Qantas Calls IASC to Approve Codeshare with Air Niugini for Papua New Guinea

15th Nov 2016

Australian airline Qantas Airways has called out Australia's International Air Services Commission (IASC) to fully rescind its previous draft decision and to fully approve the carrier's codesharing arrangement with Air Niugini on Australia-Papua New Guinea routes.

In its draft decision from October, IASC approved the codeshare for a "trial period" until 30th June, 2018, but only on Brisbane-Port Moresby route operated by both airlines and on Sydney-Port Moresby route, operated by Air Niugini. The IASC decision did not mention Cairns-Port Moresby, which is operated by Air Niugini.

In its response to the IASC draft decision, Qantas said:

The Qantas and Air Niugini proposal is predicated on a whole of market, package proposition which reflects the circumstances and reality of this market and is premised on the proposal being approved in its entirety. We request the Commission review the draft decisions and authorize the code share in its entirety, including Cairns-Port Moresby (Cairns sector) for the duration of the relevant Determinations.
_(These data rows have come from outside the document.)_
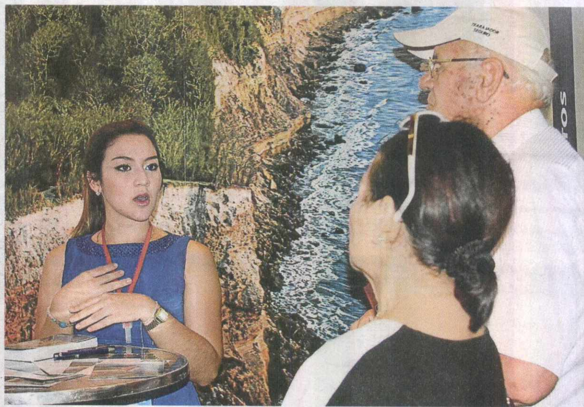
LOS STANDS CUENTAN CON asesores que ofrecen información a los asistentes sobre los proyectos de interés.

La entrada al público es gratuita, de 3 p.m. a 10 p.m.
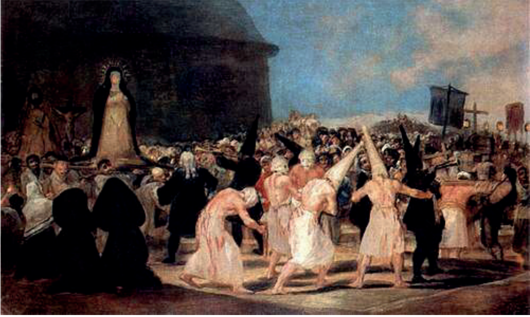
Resim 5. Francisco Goya, Kırbaçlayanların Alayı , 43x73 cm, 1814-1816.

Ayrıca bu eser Goya'nın kişisel psikolojik durumuyla da ilişkilendirilir. Sanatçı bu dönemde ciddi saęlık problemleri yaşamış, büyük ölçüde saęır olmuş ve toplumdan giderek daha fazla uzaklaşmıştır. Bu yalnızlık ve içe kapanma hali onun sanatında karanlık, rahatsız edici ve yoğun duyguların ortaya çıkmasına neden olmuştur. “Çocuklarını Yiyen Satürn” adlı eser de bu ruh halinin en güçlü görsel ifadelerinden biri olarak görülür. Goya burada klasik mitolojiyi yalnızca anlatmakla kalmaz, aynı zamanda insanın korku, güç ve yıkım duygularını son derece çarpıcı bir görsellikle ifade eder.
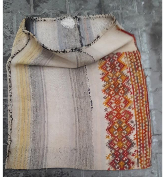
Resim 15-16. H. Gümbürdek Evinde Bulunan Yüklük Zabire Çuvalı

17-18 No.lu örnek görsel çuval üzerinde ana renk beyaz, motif renkleri olarak beyaz, kırmızı, siyah, turuncu kullanılmış, cicim tekniğinde dokunan çuval tek parça halinde dokunulmuştur. Atkı ve çözgü pamuk, motif ise yün iptir. 60x110 cm'lik bir ölçüye sahip çuval; çuvaldız iğnesi ile dikilerek birleştirilmiş, dokumada hayat ağacı motif, pıtrak motif ve kurt izi motif bir arada kullanılarak özgün bir çalışma yapılmıştır. Pıtrak motifinin kenar kısmına çengel motifleri ile bezenmiş, çuvalın ağız kısmı katlanmış ve dikiş teknikleri uygulanmıştır.
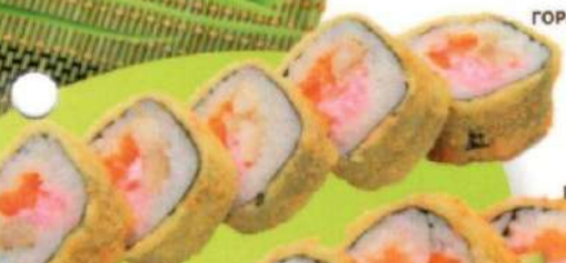
ГОРЯЧИЙ РОЛЛ С КУРИЦЕЙ
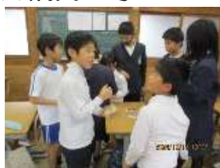
カードゲームあそぶ縦割り班
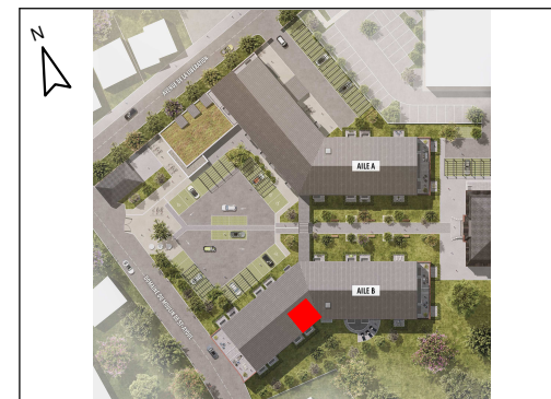
T2 - N° B3.01
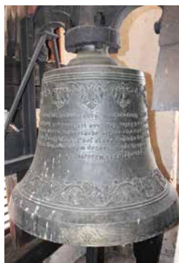
Tri zvony evanjelického kostola sú poháňané elektromotormi.

Kostolu obnovili omietku v rokoch 1930, 1962, 1967, 1980, 1989, 2004, 2008, 2009 bez zmien v pôvodnej stavbe. Vymalovaný bol v roku 2010.
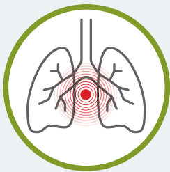
مشکل در تنفس
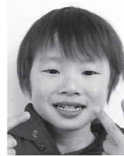
〇〇 〇〇くん (西 野)
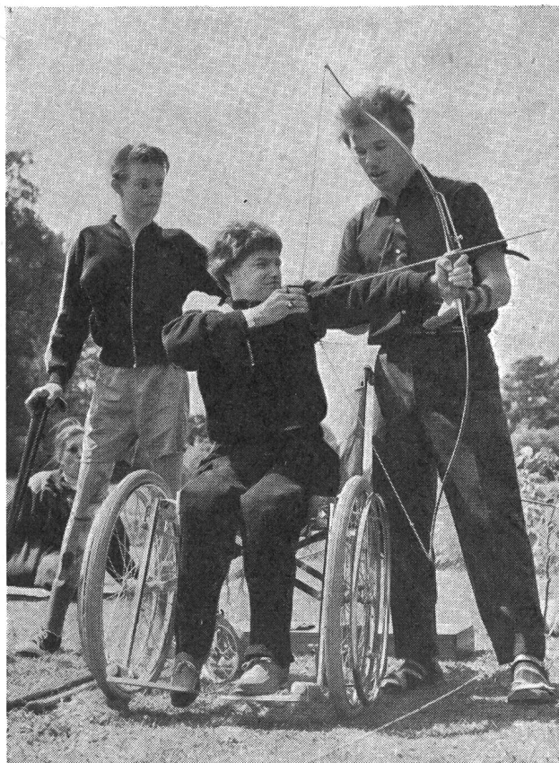
Das Bogenschiessen, das nicht nur Ruhe und Konzentration, sondern auch körperliche Anforderungen stellt, eignet sich deshalb besonders gut für Behinderte, weil es auch vom Wagen aus getätigt werden kann. Die Bogenschützen von Biel stellten liebenswürdigerweise Material und Lehrer zur Verfügung.

Das letzte Mittagessen! — Es wurde uns allen merkwürdig ums Herz, nun von diesen herrlichen Höhen wieder hinunter in den Alltag zu gehen. Aber wir werden wohl nie, nie diese Zeit der Kameradschaft, sowie der körperlichen Ertüchtigung vergessen. Denn jedes durfte Fortschritte machen. Eines verbesserte seinen schwerfälligen Gang, Kamerad Fritz lernte, statt mit
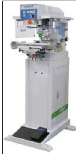
Nouveau meuble support MS-100 pour améliorer la stabilité
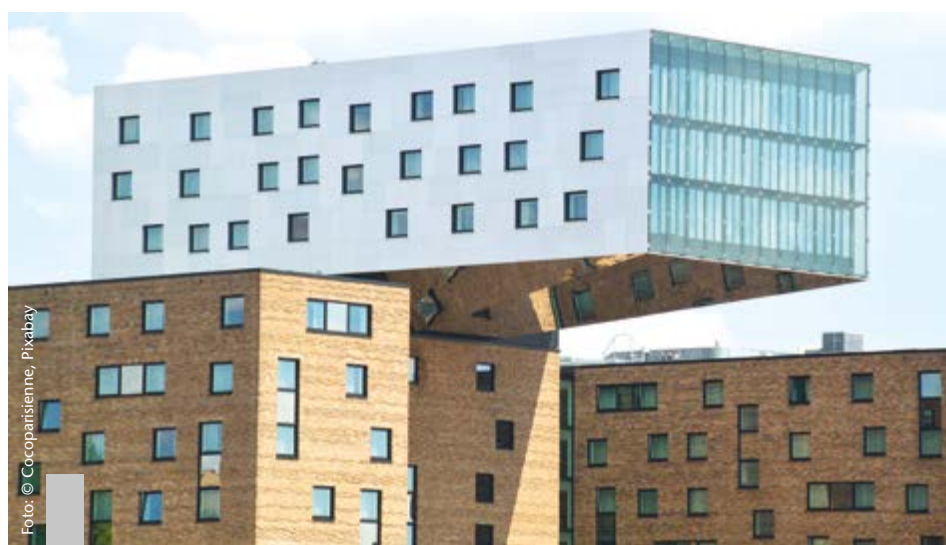
Der deutsche Immobilienmarkt durchschreitet die Talsohle und erholt sich langsam.

Die Preise für Wohnimmobilien in Deutschland sind im dritten Quartal 2023 im Vergleich zum Vorjahresquartal um durchschnittlich 10,2 Prozent gesunken. Wie das Statistische Bundesamt mitteilt, ist dies der stärkste Rückgang der Wohnimmobilienpreise gegenüber einem Vorjahresquartal seit Beginn der Zeitreihe im Jahr 2000. Diese Meldung ist für viele Interessenten ein Signal. Denn gleichzeitig steigen die Mieten auf Rekordniveau. Der Anstieg der Mieten in den Metropolen ist zweistellig: In Berlin liegt er für Neubauten bei 20 Prozent, in Stuttgart bei 14,6 Prozent, in Köln bei 14,1 Prozent und in München bei 12,8 Prozent. Nach einem Jahr der Zurückhaltung zeigt das ImmoScout24-WohnBarometer einen deutlichen Aufwärtstrend bei den Angebotspreisen im Neubaubereich. Auch bei Bestandsimmobilien ist der Trend positiv. Noch ist ein Angebotsüberhang im Markt, der sich aber sukzessive abbauen wird. Es ist nicht zu erwarten, dass die Preise noch einmal so stark fallen wie im vergangenen Jahr.
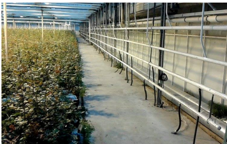
Slika 20. Cijeviza grijanje staklenika na bočnim stranama
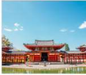
วัดเมียวโดอินมรดกโลก
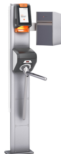
Axess Smart Gate NG con BADGE BOX 600

con AX500 Smart Gates NG - Mobile Palette y AX500 Smart Access Terminal NG para cada evento nuevo. Todos los accesos están fijados en pallets móviles para un posicionamiento independiente de la ubicación principal. Última
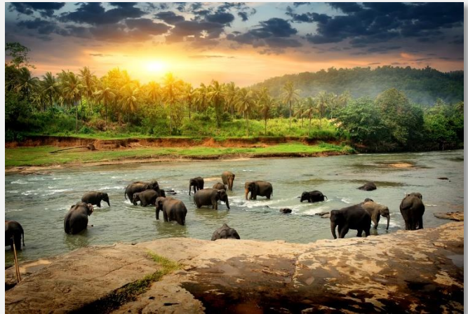
Χαρακτηριστικό τοπίο στη Σρι Λάνκα

Πρωινό και αναχώρηση με προορισμό μας την Μπεντότα, στη δυτική ακτή της Σρι Λάνκα. Η μεγάλη παραλία της Μπεντότα, με τους φοίνικες και τη σιμιγδαλένια άμμο είναι από τις πιο δημοφιλείς καρτ-ποσταλικές εικόνες της Σρι Λάνκα. Άφιξη, μεταφορά και τακτοποίηση στο ξενοδοχείο μας. Διανυκτέρευση.
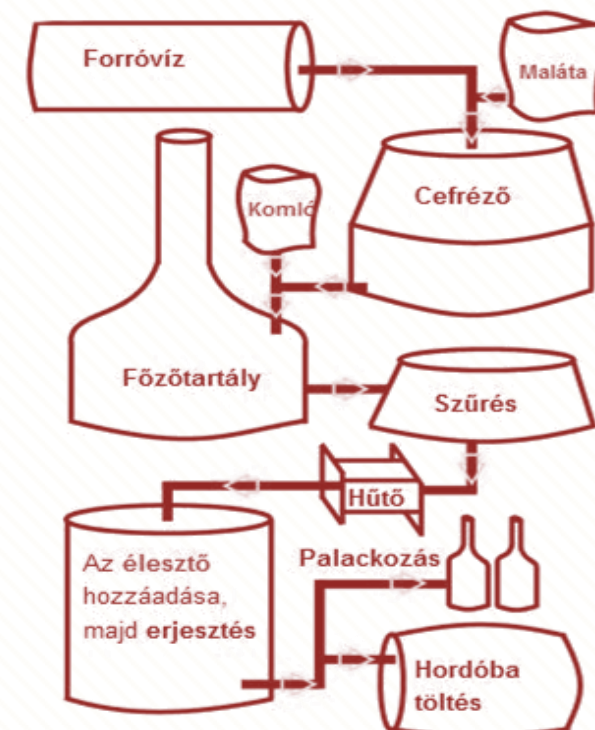
A sörfőzés folyamata

népek, etnikumok tradícióiban, italfogyasztási, étkezési szokásaiban. Mértékkel történő fogyasztása közben jusson eszünkbe, hogy ez az aranyó nedű mennyi fejlődésen és változáson esett át az elmúlt több ezer évben.
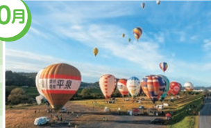
一関・平泉バルーンフェスティバル
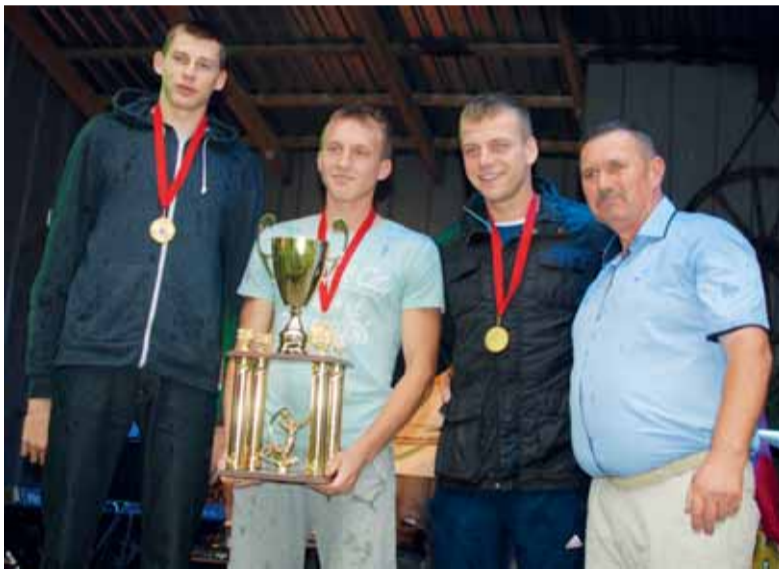
Dėduko atminimo taurė iškeliavo į Vainutą.

Qantas' submission also added that it was not practical to segment the market as the commission has proposed and added:

"The Commission's draft decisions do not, in our view, establish a case for 'serious concerns' as described by the policy statement. Importantly the Commission has not demonstrated that it has satisfied itself that the requested aviation would not be of benefit to the public."

The carrier applied with IASC to codeshare with the Air Niugini's Cairns-Port Moresby service as part of the deal to reflect its network changes to PNG. At the same time, the carriers would codeshare on each other's Brisbane-Port Moresby service and The Flying Kangaroo would continue to codeshare on the Air Niugini's Sydney-Port Moresby route.

Qantas also said that the IASC decision represents a "desire of the Commission to move away from its guidelines and conduct an experimental workshop which contradicts the intent in the Minister's Policy Statement".

The airline said:

"The IASC draft decisions support a puzzling proposition whereby a monopoly provider on the Cairns sector presents a better public benefit outcome than the addition of Qantas' presence as a fully independent code share partner."

The Australian national carrier added:

"The Commission then proposes to base a future assessment of whether to approve the code sharing on the Cairns sector on the performance of two different routes (the Sydney and Brisbane sectors) which have their own specific dynamics, route economics, operators and competitors. This approach is illogical and inconsistent with the IASC framework which provides for criteria for the Commission to make a decision."